I’m making a new thread following up on: Parallel autodiff v3

In that thread we designed and implemented a `reduce_sum`

function.

We designed a function `reduce_sum`

with signature:

```
real reduce_sum(F func, T[] sliced_arg, int grainsize, T1 arg1, T2 arg2, ...)
```

Where `func`

is a function with the signature:

```
real func(int start, int end, T[] sliced_arg, T1 arg1, T2 arg2, ...)
```

`reduce_sum`

implements the functionality defined by:

```
int N = size(sliced_arg);
real sum = func(1, N, sliced_arg, arg1, arg2, ...)
```

in parallel by assuming that the work done by func can be equivalently broken up into pieces:

```
int N = size(sliced_arg);
real sum = func(1, M, sliced_arg[1:M], arg1, arg2, ...) +
func(M + 1, N, sliced_arg[M + 1:N], arg1, arg2, ...)
```

where `1 <= M < N`

(and this can be repeated recursively).

There’s currently a math branch that implements this in C++: https://github.com/stan-dev/math/pull/1616

And a branch of stanc3 that handles the language bits (the linux binary is available here: https://github.com/stan-dev/stanc3/pull/451#issuecomment-584347523).

Edit: @rok_cesnovar made a branch of cmdstan that has the Linux binaries included: https://github.com/stan-dev/cmdstan/tree/parallel_reduce_sum (Parallel autodiff v4)

Alright and the actual thing I wanted to get to is that I think I have a model that has linear scaling by running stuff in parallel but with threading I only get a 2x speedup.

Here is an example model with data:

nbme1.stan (1.1 KB) nbme_small.data.R (2.6 MB)

You can run this model with:

```
./nbme1 sample data file=nbme_small.data.R
```

Here is a threaded version for use with the new Math branch and the new stanc3 compiler: nbme6.stan (1.7 KB)

You can run this model with:

```
STAN_NUM_THREADS=4 ./nbme6 sample data file=nbme_small.data.R
```

where STAN_NUM_THREADS sets the number of threads.

It takes about 18 seconds for the non-reduce_sum version of the model to run. It takes about 22 seconds for a single-threaded version of the reduce_sum version of the model to run.

That doesn’t bother me so much, but the scaling for the threaded version seems quite bad.

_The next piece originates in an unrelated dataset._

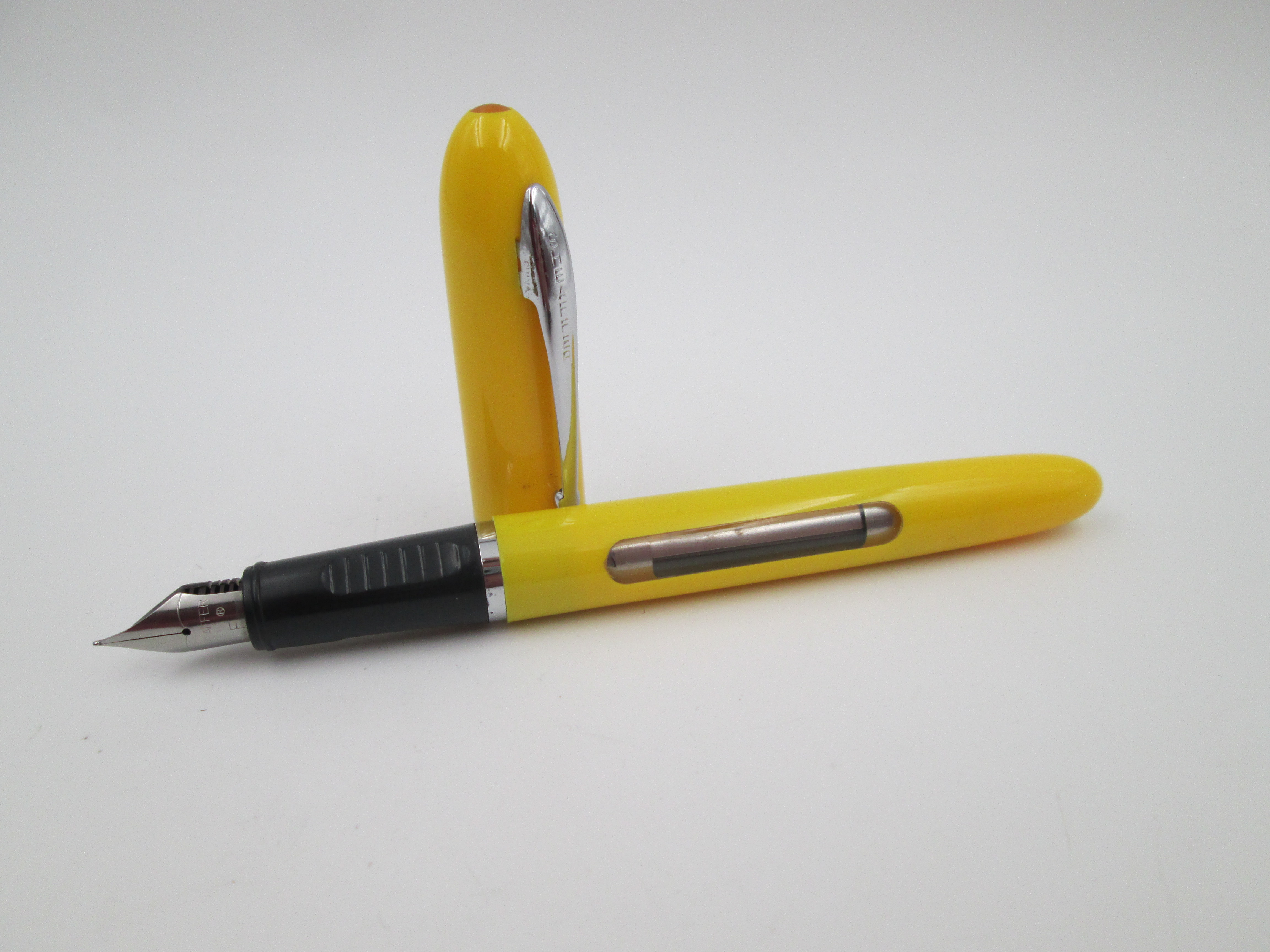 Estilográfica escolar Sheaffer. Plástico amarillo y metal plateado. Plumín acero. 1990

With four threads it takes about 11 seconds for the reduce_sum model to run. So it would take 44 seconds or so for four chains. However, if I run four chains in parallel I get linear speedup! (they finish in 18~ seconds still).

You can compare against running four chains with a simple run script, copy paste this to something like run.sh:

```
./nbme1 sample data file=nbme_small.data.R output file=output1.csv
./nbme1 sample data file=nbme_small.data.R output file=output2.csv
./nbme1 sample data file=nbme_small.data.R output file=output3.csv
./nbme1 sample data file=nbme_small.data.R output file=output4.csv
```

And then do:

```
cat run.sh | parallel -j 4
```

To run four chains in parallel.

You can make this model harder or easier by editing the `N_subset`

variable in nbme_small.data.R. As I uploaded it, it only uses 2000 bits of data. You can push that up to 40000.